■ RECORD EXTRACTS ■
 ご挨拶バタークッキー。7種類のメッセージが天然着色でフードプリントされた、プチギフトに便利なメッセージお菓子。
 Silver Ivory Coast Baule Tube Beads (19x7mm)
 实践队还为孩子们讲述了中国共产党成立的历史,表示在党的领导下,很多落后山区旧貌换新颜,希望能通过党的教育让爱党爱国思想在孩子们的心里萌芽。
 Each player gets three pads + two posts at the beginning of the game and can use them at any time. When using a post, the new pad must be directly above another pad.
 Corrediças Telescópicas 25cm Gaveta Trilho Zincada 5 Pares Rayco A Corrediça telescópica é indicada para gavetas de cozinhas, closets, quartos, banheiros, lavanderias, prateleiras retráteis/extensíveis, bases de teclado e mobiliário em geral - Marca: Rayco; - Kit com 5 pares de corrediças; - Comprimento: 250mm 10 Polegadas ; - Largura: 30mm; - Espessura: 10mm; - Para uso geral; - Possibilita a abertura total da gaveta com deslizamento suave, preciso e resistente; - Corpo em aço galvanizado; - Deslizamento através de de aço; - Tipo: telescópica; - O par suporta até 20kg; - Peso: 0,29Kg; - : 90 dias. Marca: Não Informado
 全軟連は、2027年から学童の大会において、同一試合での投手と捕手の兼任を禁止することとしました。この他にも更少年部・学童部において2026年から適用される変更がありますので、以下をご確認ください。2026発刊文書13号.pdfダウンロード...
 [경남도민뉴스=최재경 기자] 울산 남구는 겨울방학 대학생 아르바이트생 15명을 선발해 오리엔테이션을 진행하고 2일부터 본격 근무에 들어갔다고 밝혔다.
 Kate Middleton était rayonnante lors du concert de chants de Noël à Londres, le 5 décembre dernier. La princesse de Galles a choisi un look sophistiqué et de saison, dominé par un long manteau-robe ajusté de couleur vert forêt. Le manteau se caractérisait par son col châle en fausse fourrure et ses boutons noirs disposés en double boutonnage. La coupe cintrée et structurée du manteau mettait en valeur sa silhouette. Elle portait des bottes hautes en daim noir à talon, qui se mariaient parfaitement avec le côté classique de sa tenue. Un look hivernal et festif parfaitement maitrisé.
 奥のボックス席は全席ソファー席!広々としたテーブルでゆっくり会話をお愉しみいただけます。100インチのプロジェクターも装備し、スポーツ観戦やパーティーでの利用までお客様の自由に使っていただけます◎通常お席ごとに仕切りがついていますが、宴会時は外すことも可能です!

* * *

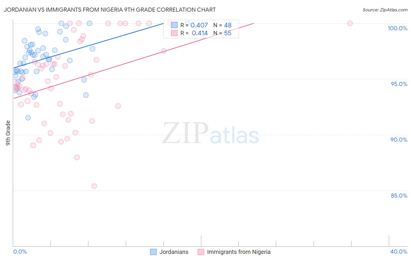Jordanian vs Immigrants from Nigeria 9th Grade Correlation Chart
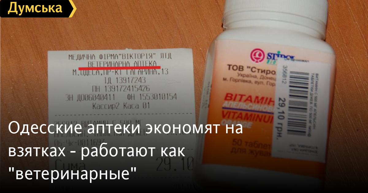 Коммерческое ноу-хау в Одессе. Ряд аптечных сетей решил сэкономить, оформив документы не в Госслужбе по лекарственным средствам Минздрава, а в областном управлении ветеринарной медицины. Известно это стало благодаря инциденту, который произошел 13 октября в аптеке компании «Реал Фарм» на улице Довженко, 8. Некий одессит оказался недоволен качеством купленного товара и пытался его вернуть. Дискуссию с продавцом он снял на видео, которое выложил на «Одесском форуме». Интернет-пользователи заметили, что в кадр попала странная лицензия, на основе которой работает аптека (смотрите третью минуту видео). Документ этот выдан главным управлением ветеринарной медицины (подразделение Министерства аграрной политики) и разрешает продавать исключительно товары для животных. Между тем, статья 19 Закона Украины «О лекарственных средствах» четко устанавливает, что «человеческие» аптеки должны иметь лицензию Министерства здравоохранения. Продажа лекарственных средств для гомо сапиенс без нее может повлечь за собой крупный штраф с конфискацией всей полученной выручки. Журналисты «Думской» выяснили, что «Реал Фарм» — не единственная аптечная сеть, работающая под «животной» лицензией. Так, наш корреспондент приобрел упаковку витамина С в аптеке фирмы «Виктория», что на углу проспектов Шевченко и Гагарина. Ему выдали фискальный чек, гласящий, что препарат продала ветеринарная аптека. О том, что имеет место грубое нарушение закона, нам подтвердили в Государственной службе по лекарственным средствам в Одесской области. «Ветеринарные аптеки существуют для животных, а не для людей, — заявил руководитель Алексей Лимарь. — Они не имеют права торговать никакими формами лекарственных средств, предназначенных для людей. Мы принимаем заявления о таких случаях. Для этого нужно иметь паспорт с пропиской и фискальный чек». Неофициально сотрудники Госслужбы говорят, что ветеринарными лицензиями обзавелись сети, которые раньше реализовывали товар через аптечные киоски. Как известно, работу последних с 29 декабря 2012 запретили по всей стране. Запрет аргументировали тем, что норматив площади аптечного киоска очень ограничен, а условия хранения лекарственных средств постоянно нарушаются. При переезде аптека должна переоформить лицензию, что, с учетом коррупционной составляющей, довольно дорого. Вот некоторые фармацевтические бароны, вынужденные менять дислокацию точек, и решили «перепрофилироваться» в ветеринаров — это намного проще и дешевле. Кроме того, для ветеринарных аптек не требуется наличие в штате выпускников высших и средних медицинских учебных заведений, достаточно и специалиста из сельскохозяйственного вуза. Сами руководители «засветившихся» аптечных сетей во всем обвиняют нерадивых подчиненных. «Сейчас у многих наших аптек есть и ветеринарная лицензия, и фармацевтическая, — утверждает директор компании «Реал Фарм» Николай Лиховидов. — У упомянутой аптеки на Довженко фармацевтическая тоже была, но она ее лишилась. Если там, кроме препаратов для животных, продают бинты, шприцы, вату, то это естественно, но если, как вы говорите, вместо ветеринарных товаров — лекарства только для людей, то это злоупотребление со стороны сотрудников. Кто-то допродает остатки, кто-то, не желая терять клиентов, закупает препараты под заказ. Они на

...

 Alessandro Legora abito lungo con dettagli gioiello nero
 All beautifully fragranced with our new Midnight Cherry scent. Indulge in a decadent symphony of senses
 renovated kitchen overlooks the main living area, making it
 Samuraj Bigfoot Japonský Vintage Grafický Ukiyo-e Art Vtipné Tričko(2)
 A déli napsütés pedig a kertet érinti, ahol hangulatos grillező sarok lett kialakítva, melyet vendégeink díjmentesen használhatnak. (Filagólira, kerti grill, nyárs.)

■ WORK ITEM ■
An exact copy of the lines above, from the one containing "ご挨拶バタークッキー。7種類" through the one containing "Each player gets", is the whole of the answer.

■ REPLY TO THE TASK ■
 ご挨拶バタークッキー。7種類のメッセージが天然着色でフードプリントされた、プチギフトに便利なメッセージお菓子。
 Silver Ivory Coast Baule Tube Beads (19x7mm)
 实践队还为孩子们讲述了中国共产党成立的历史,表示在党的领导下,很多落后山区旧貌换新颜,希望能通过党的教育让爱党爱国思想在孩子们的心里萌芽。
 Each player gets three pads + two posts at the beginning of the game and can use them at any time. When using a post, the new pad must be directly above another pad.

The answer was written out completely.